### The problem
Write out the whole listing below exactly, skipping each picture.

### Data shown
________________________________________
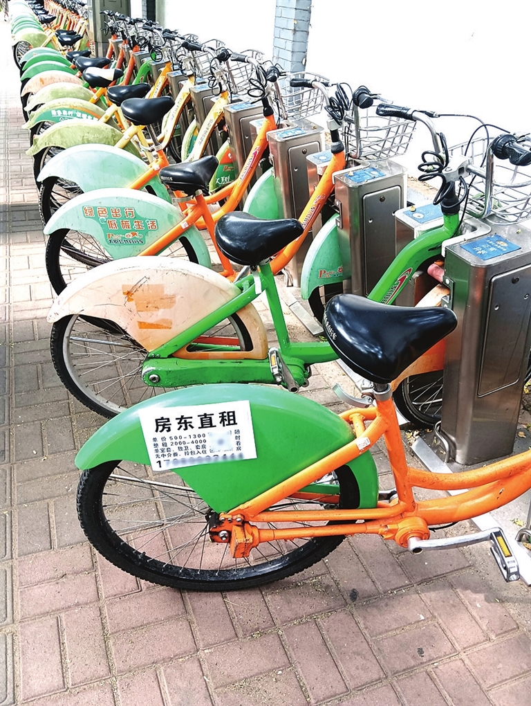 拍摄经过:7月8日,我在迎泽区体育西路一个公共自行车租赁点看到,“小广告”竟然贴在了公共自行车挡泥板上,还真是无孔不入,令人气愤。
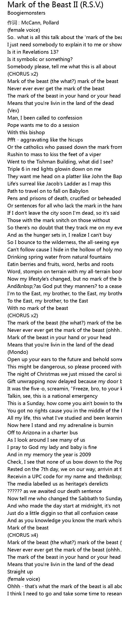 | Mark of the beast (the what?) mark of the beast (the what?) | |
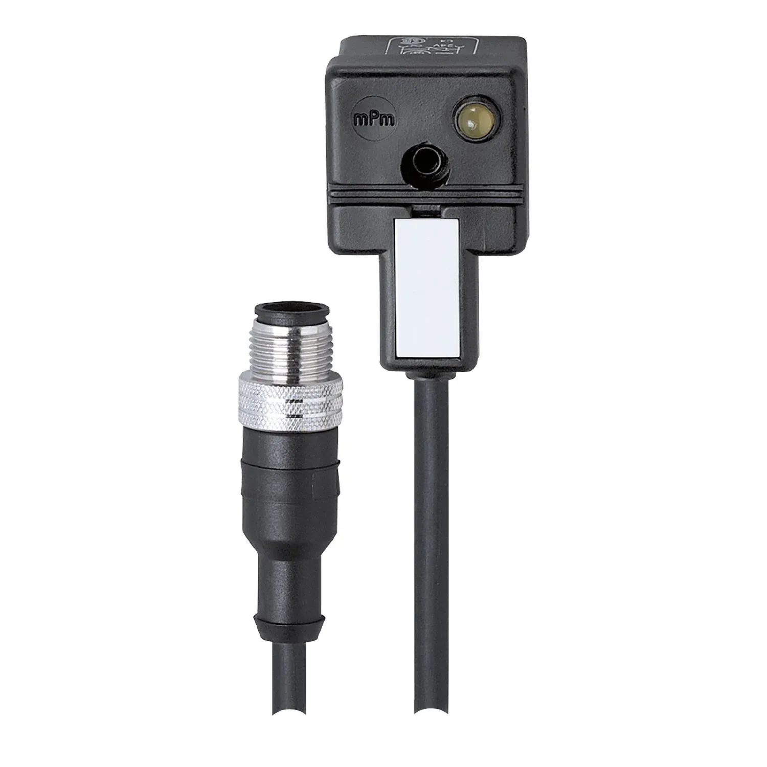 Connector1 x valve type A DIN (EN 175301-803), angled; Moulded body: PUR; Locking: brass, nickel-plated; Contacts: nickel-plated brass; Tightening torque: 0.7...0.9 Nm
________________________________________
### Result of this exercise
 拍摄经过:7月8日,我在迎泽区体育西路一个公共自行车租赁点看到,“小广告”竟然贴在了公共自行车挡泥板上,还真是无孔不入,令人气愤。
 | Mark of the beast (the what?) mark of the beast (the what?) | |
 Connector1 x valve type A DIN (EN 175301-803), angled; Moulded body: PUR; Locking: brass, nickel-plated; Contacts: nickel-plated brass; Tightening torque: 0.7...0.9 Nm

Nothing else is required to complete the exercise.